The result of scientific research was the work “A Way to Create a Methodology for Assessing the Risks of the Human Factor in the Emergency Situation when Piloting an Aircraft”, which was presented at the international youth “Gagarin Science Conference” by Tatyana Voronka, fourth-year student of the MAI School №1 "Aircraft Engineering".

The MAI laboratory analyzed information about 1,200 accidents involving passenger aircraft that occurred between 1980 and 2018, and identified patterns - the percentage of accidents related to pilot error is from 52% to 67% of the total. Most fatal accidents occur during descent and approach. This stage lasts about five minutes, but it was at that moment that the pilot was most actively involved in the control of the aircraft.



General information about the main causes of flight accidents, the factors that affect the occurrence of accidents, as well as the distribution and frequency of accidents at the stages of the flight (take-off, climb, cruising, descent, approach, landing, departure to the second round, parking) allowed to develop two methods for assessing the development of the emergency risk. The first assesses the risks associated solely with the error of the pilot when all aircraft systems are operating normally. In the second case, risks are assessed with a simultaneous failure of control systems and pilot error.

The methodology is based on the relationship between the probability of an emergency and the average pilot's assessment, identified during experiments at the Alferievo airfield of Moscow Aviation Institute. For this, a special Cooper-Harper Pilot Rating scale was used.



It is believed that in order to improve flight safety, it is necessary to exclude the pilot from active control of the aircraft as much as possible - to turn him into an observer who controls automation. This will reduce the percentage of errors caused by the human factor. However, over the past 25 years, when highly automated passenger aircraft were commissioned, the number of accidents caused by pilot errors has decreased, but the number of accidents caused by automation failures has increased.
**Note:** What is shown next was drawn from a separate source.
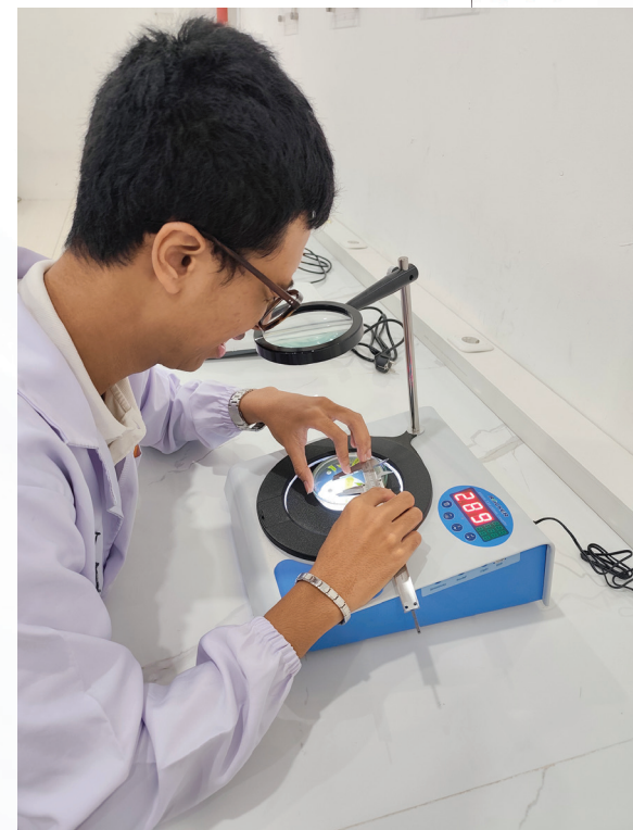
Mahasiswa Kedokteran Gigi Unesa sedang mengikuti perkuliahan dan praktik di laboratorium.
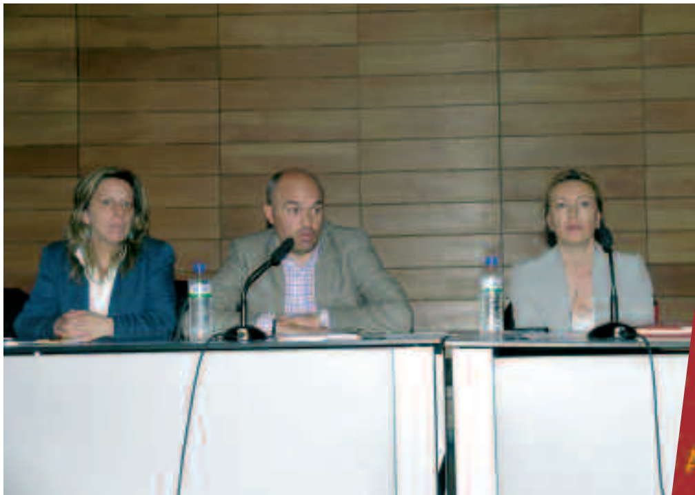
▼ ASAMBLEA INFORMATIVA DE DELEGADOS CELEBRADA EL DÍA 5 DE MAYO EN EL SALÓN DE ACTOS DE LOPE DE VEGA.

• La Federación Estatal de Sanidad de CC.OO. (FES) ha convocado a todos los técnicos superiores y auxiliares de enfermería, de toda España, a una manifestación el próximo día 27 de mayo a las 12 horas. En el caso de los técnicos superiores el sindicato reivindica que este colectivo, en base a la capacitación técnica exigida y a la complejidad de sus tareas, se encuadre en el nivel 4 de cualificación, lo que en el actual sistema educativo español significaría el acceso a una TITULACIÓN UNIVERSITARIA.

In addition, the number of accidents caused by the deterioration in the interaction of the pilot with the aircraft increased. That is, the autopilot and the exclusion of the pilot from the flight control loop do not solve the problem of improving flight safety.

Even when flying normally, the pilot is extremely overloaded with information. And the main problem is that in case of automation failure or a failure in the control system, the pilot needs from 4 to 6 seconds to adapt to an emergency situation. Every second of delay can aggravate the development of an emergency. Moreover, the need for manual piloting enhances the stressful situation, which can provoke a decrease in control accuracy and the occurrence of irreversible consequences.

MAI scientists have developed a promising information display system, which under normal conditions increases the accuracy of piloting and reduces the pilot's workload. And if an emergency occurs, the system will provide quick adaptation of the pilot and compensate the loss of piloting accuracy. In order to help the pilot fly the plane, a display is projected onto the windshield that displays the aircraft's trajectory in the form of a three-dimensional corridor with a forecast window. This allows the pilot to see in advance the state of the aircraft, which it will have after some time. The forecast screen also helps to avoid spatial disorientation of the pilot.